In some airports, laptop theft is one of the most expensive and common crimes. (See: physical security)

I don’t use my computer for anything but videogames. Is a File Wipe useful for me?

No. Most applications that do not involve personally identifyable information don’t require a File Wipe utility.

I may have deleted some files without using a wipe utility. How can I make sure they’re gone?

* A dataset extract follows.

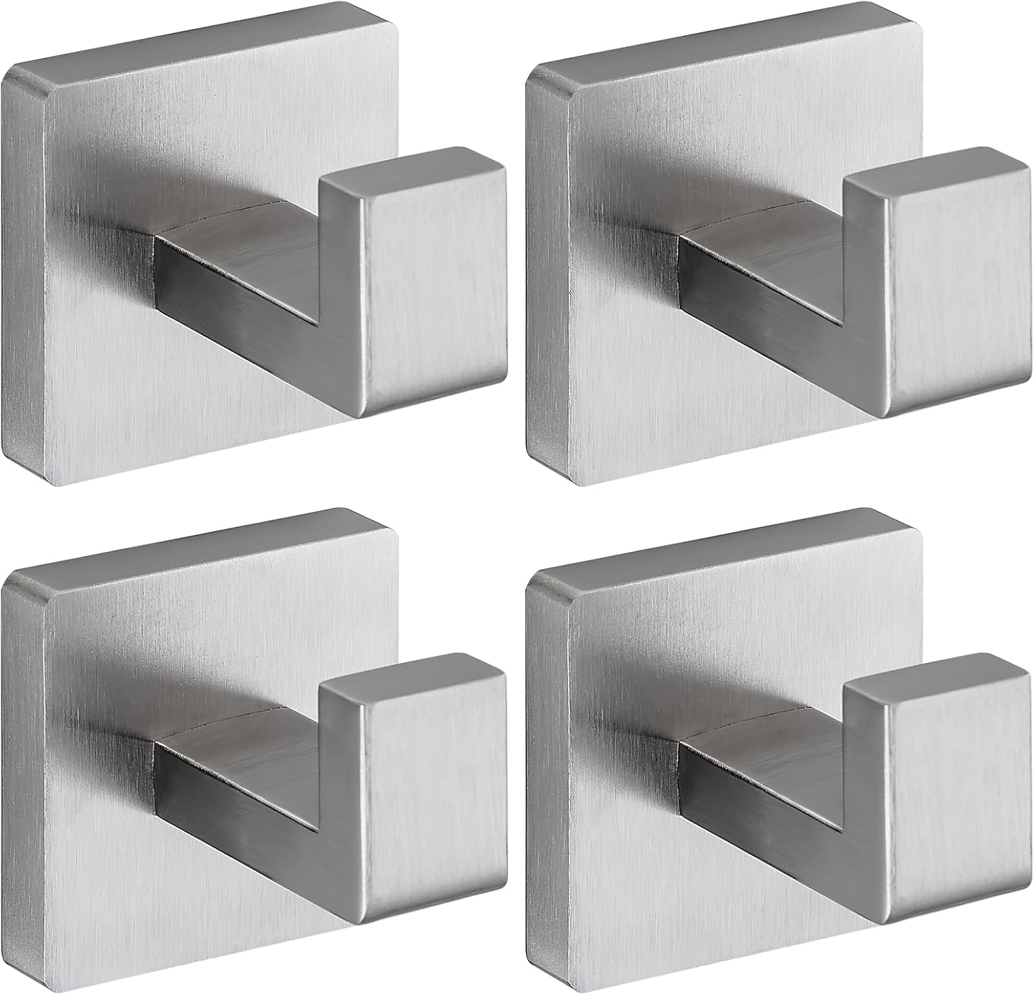 Brushed Nickel Towel Hooks for Bathrooms, Heavy Duty Wall Mounted Stainless Steel Modern Hook, 4 Pack – Ideal for Hanging Towels, Robes, Coats, in Kitchen, Bedroom, Bathroom, or Hotel
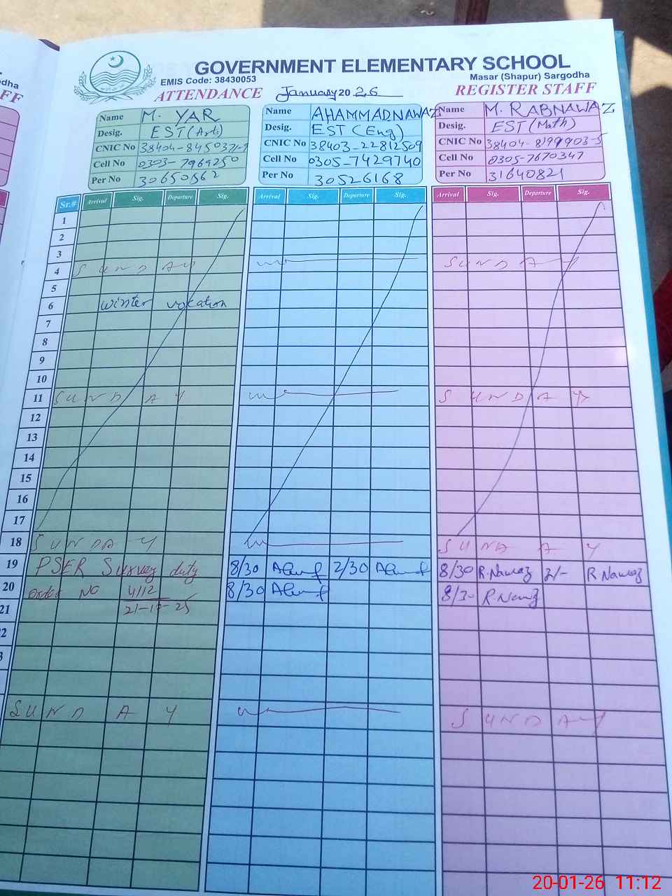 | CNIC | Full Name | Designation | R/C | Absence during last cal. month |

The fastest way to wipe your hard drive‘s free space is to write data to it until the drive is completely full, then delete and rewrite at least four more times. This can be done quickly by copying random CDs available to your hard drive until the drive is full. Another involves setting video or audio tool to record – even without an actual video or microphone connection – until the drive is full. Once the program complains about lack of memory, the temporary file can be dumped, repeated four times, and the wipe process is complete. Commercial tools/software automate this process and sometimes even rewipe up to 25x.

Do the File Wipe utilities also wipe the files data from Swap or RAM?

No. In Windows, one has to wipe the swap file while it is not in use. This entails using a FAT32 filesystem, and wiping the swap file from a Live-CD package such as Knoppix, or alternating between two swap files or drives; one swap file/drive is wiped while the other is in use. An option for users of OpenBSD and GNU/Linux is to encrypt the swap partition using Hard Disk Encryption. An option for all operating systems is to disable swap and depend upon a large amount of RAM.

What about RAM, USB Drives, or Memory Sticks?

Components and devices using a type of RAM are not completely safe. Such components and devices become more susceptible to physical inspection when data is left alone for lengthy periods. PGP avoided this problem by rotating the bits of keys at timed intervals when the keys were in RAM. For these components and devices, overwriting the memory once works to prevent finding old files. For the most paranoid, ensure that the overwriting occurs as soon as the data is no longer needed (or, do as the PGP program did and periodically move the data).

What about the information I don’t delete – what about the sensitive information that’s on my computer now?

Look into Hard Disk Encryption or Encrypting Your Files.